Antanym includes an experimental function that will suggest which features might be best to add names to on a given map. These suggestions are based on maps prepared by expert cartographers, and the features that were explicitly named on those maps. We can ask for suggested names to show on our example map:
```{r}
suggested <- an_suggest(g, map_extent = c(my_longitude, my_latitude), map_dimensions = c(80, 80))
```
Plot the top ten suggested names purely by score:
```{r map1}
this_names <- head(suggested, 10)
if (!requireNamespace("rworldmap", quietly = TRUE)) {
message("Skipping map figure - install the rworldmap package to see it.")
} else {
plot(map, xlim = my_longitude + c(-7, 4), ylim = my_latitude, col = "grey50")
points(this_names$longitude, this_names$latitude, pch = 21, bg = "green", cex = 2)
pos <- rep(c(1, 2, 3, 4), ceiling(nrow(this_names)/4))
pos[order(this_names$longitude)] <- pos[1:nrow(this_names)]
text(this_names$longitude, this_names$latitude, labels = this_names$place_name, pos = pos)
}
```
Or the ten best suggested names considering both score and spatial coverage:
```{r map2}
this_names <- an_thin(suggested, n = 10)
if (!requireNamespace("rworldmap", quietly = TRUE)) {
message("Skipping map figure - install the rworldmap package to see it.")
} else {
plot(map, xlim = my_longitude + c(-7, 4), ylim = my_latitude, col = "grey50")
points(this_names$longitude, this_names$latitude, pch = 21, bg = "green", cex = 2)
pos <- rep(c(1, 2, 3, 4), ceiling(nrow(this_names)/4))
pos[order(this_names$longitude)] <- pos[1:nrow(this_names)]
text(this_names$longitude, this_names$latitude, labels = this_names$place_name, pos = pos)
}
```
## Other map examples
A [leaflet app](https://australianantarcticdatacentre.github.io/antanym-demo/leaflet.html) using Mercator projection and clustered markers for place names.
And a similar example using a [polar stereographic projection](https://australianantarcticdatacentre.github.io/antanym-demo/leafletps.html).
See the [antanym-demo](https://github.com/AustralianAntarcticDataCentre/antanym-demo) repository for the source code of these examples.
## Future directions
Antanym currently only provides information from the SCAR CGA. This does not cover other features that may be of interest to Antarctic researchers, such as those on subantarctic islands or features that have informal names not registered in the CGA. Antanym may be expanded to cover extra gazetteers containing such information, at a later date.
## Other packages
The [geonames package](https://cran.r-project.org/package=geonames) also provides access to geographic place names, including from the SCAR Composite Gazetteer.

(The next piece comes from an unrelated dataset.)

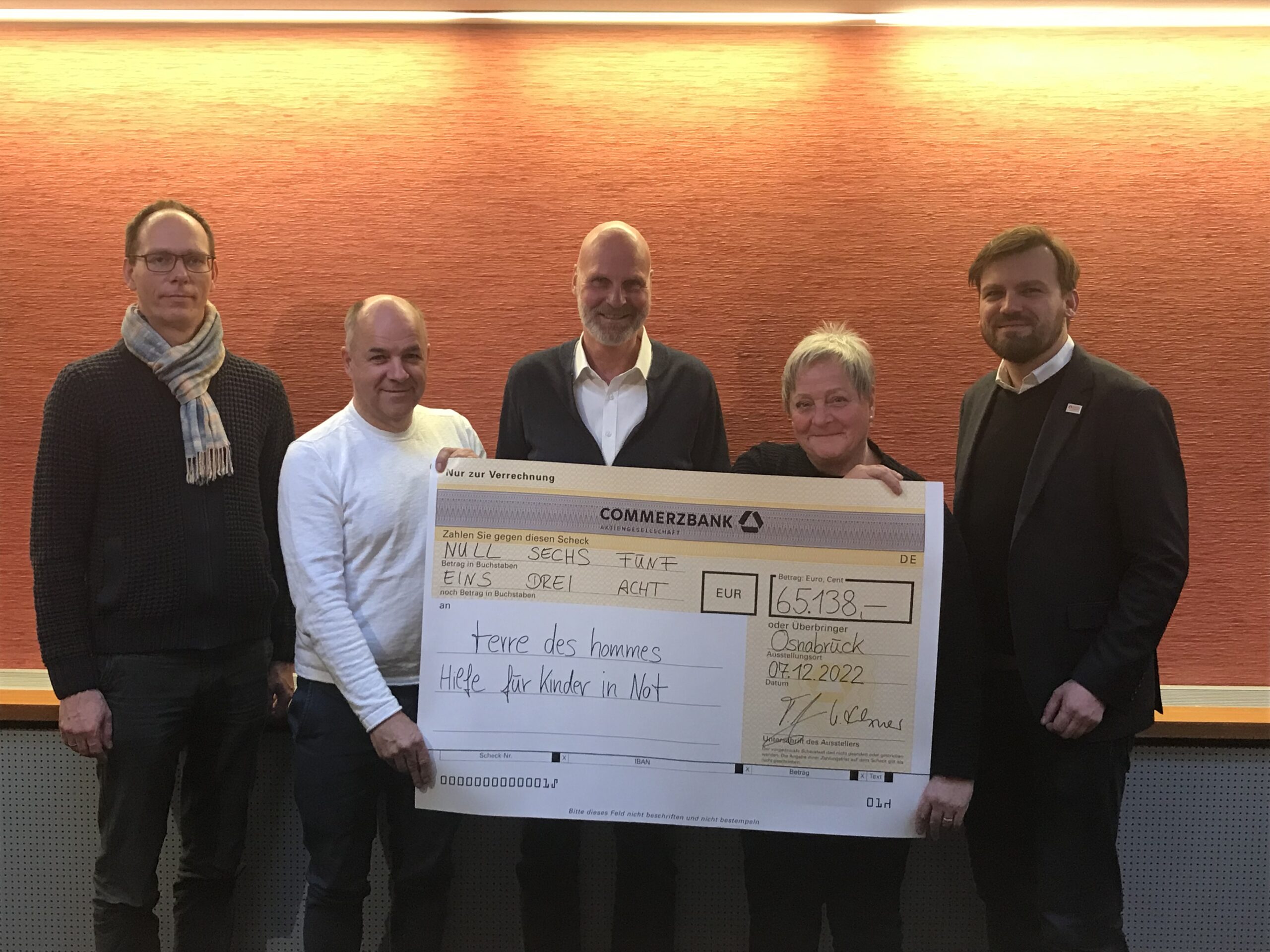 (von links) Jan-Hinnerk Voss (Asien Referent terres des hommes), Bert Mutsaers (Inhaber Bedford), Thorsten Schäfer (Geschäftsführer Bedford), Gabi Mutsaers (Inhaberin Bedford) und Hendrik Addens (Referent Unternehmen und Stiftungen terres des homme) bei der Scheckübergabe. / Foto: Burrichter

If you need *global* place name coverage, geonames may be a better option. However, the composite nature of the CGA is not particularly well suited to geonames, and at the time of writing the geonames database did not include the most current version of the CGA. The geonames package requires a login for some functionality, and because it makes calls to api.geonames.org it isn't easily used while offline.